On Wednesday, June 19, 2013 09:55:26 PM Dahua wrote:
> I rewrote the computation part from MLBase, and create a new package
> NumericFunctors.jl <https://github.com/lindahua/NumericFunctors.jl>.
>
> This package provides carefully optimized functions for vectorized map,
> reduction, and map-reduce computation. This is a substantial rewrite.

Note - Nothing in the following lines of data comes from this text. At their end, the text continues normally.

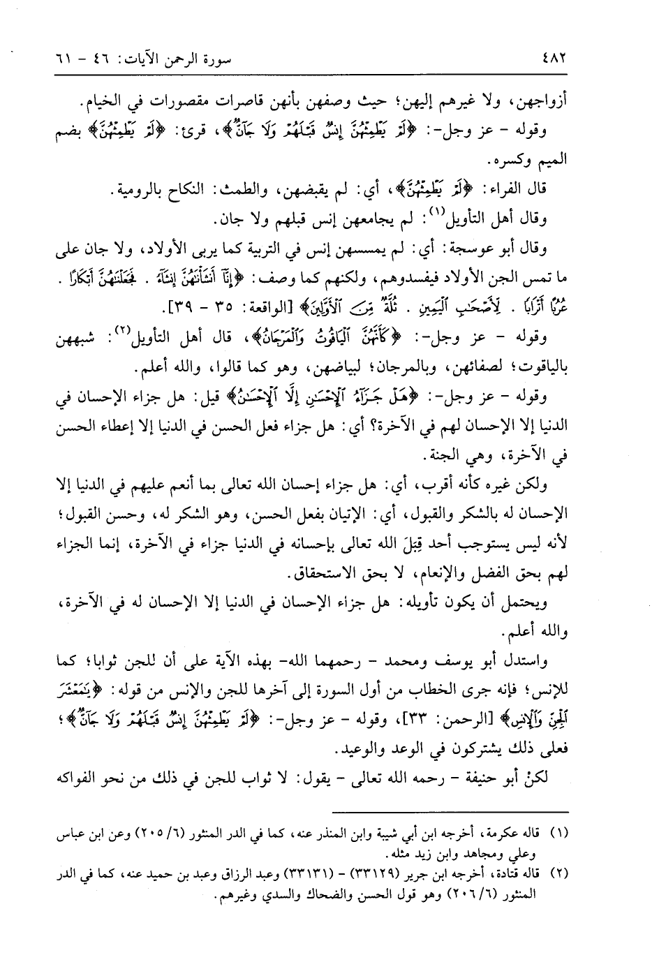 واستدل أبو يوسف ومُحَمَّد - رحمهما اللَّه - بهذه الآية على أن للجن ثوابا؛ كما للإنس؛ فإنه جرى الخطاب من أول السورة إلى آخرها للجن والإنس من قوله: (يَا مَعْشَرَ الْجِنِّ وَالْإِنْسِ)، وقوله - عَزَّ وَجَلَّ -: (لَمْ يَطْمِثْهُنَّ إِنْسٌ قَبْلَهُمْ وَلَا جَانٌّ)؛ فعلى ذلك يشتركون في الوعد والوعيد.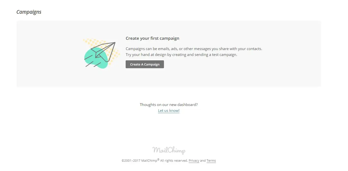 5. Para crear una campaña de email marketing, volvemos a la primera pestaña Campaigns en el panel de control y hacemos clic en create campaign. Nos aparecerán cuatro tipos: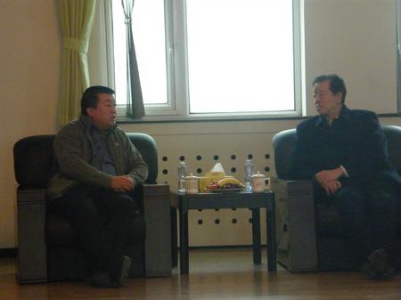 自治區(qū)國(guó)稅局副局長(zhǎng)陳連書(shū)(右)與金昱元公司董事長(zhǎng)代良云(左)親切交談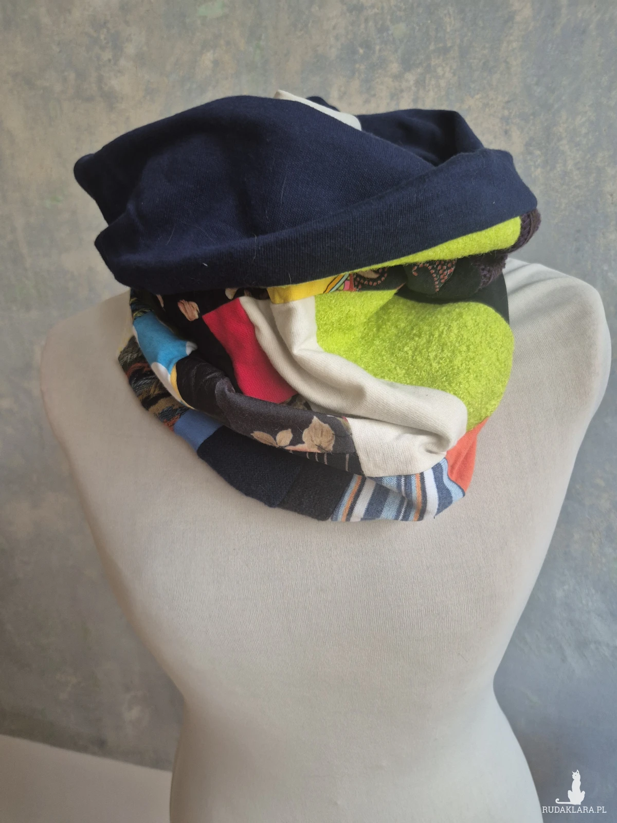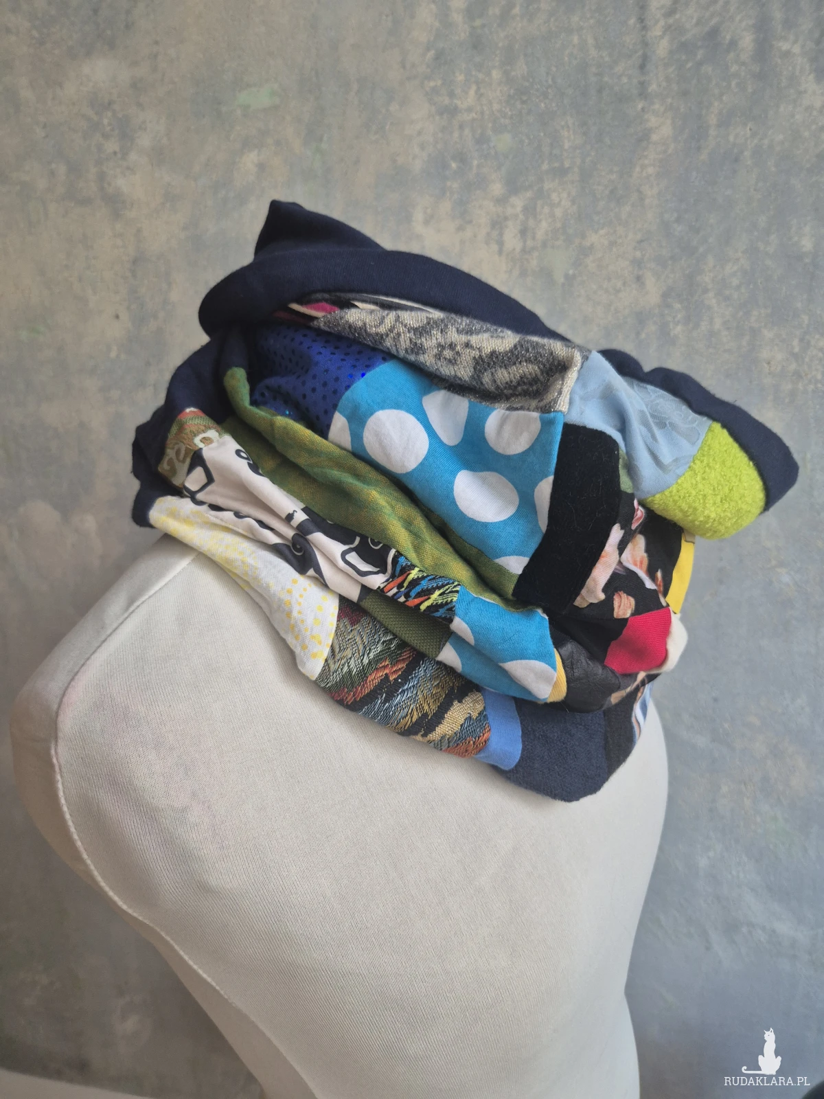 komin miękki patchworkowy kolorowy uniwersalny damski rozmiar 49cm na 47cm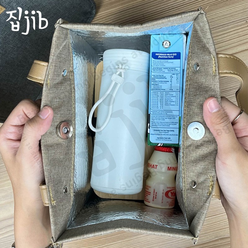 -. Tas bekal yang ringan dan portabel, berkapasitas besar cocok untuk membawa kotak makan siang, buah-buahan, minuman, makanan ringan, dsb

The
> package has following features:
>
> - provide a large set of pre-defined functors that cover most typical
> mathematical computation, and allow user to define customized functors.
> - Functions for element-wise mapping, with different syntax to support
> different behavior: creating result array, writing to preallocated array,
> updating an argument array
> - Functions for reduction, map-reduction, reduction/map-reduction along
> specific dimension(s)
> - Both map, reduction, and map-reduction supports arrays with arbitrary
> number of dimensions (vector, matrix, cube, ...)

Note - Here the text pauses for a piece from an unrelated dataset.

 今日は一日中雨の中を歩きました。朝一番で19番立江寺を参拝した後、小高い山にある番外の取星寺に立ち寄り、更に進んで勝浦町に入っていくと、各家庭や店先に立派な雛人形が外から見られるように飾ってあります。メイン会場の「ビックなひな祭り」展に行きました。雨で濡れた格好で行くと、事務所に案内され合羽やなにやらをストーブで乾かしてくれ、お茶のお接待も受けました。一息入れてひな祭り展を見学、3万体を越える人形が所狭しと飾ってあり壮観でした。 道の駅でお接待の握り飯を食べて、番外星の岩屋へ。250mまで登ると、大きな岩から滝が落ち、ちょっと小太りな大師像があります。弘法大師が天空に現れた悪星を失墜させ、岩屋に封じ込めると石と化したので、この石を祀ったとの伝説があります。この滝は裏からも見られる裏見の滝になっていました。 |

> - Efficient inplace broadcasting computation
>
> Julia already provide many of such functionalities, but it has not been
> optimized for performance yet. At this moment, the functions provided in
> this package often yield 2x - 30x speed-up as compared to Julia counter
> parts (Readme file provides detailed benchmarks).
>
> Such improvement is due to extensive use of performance optimization
> techniques, such as
>
> - perform computation in cache-friendly order
> - complete computation in a single-pass with tight loops, without
> creating temporary arrays
> - inline computational kernels through typed functors (use of typed
> functors instead of functions will triggered specialized compilation of
> methods that would inline the functor evaluation)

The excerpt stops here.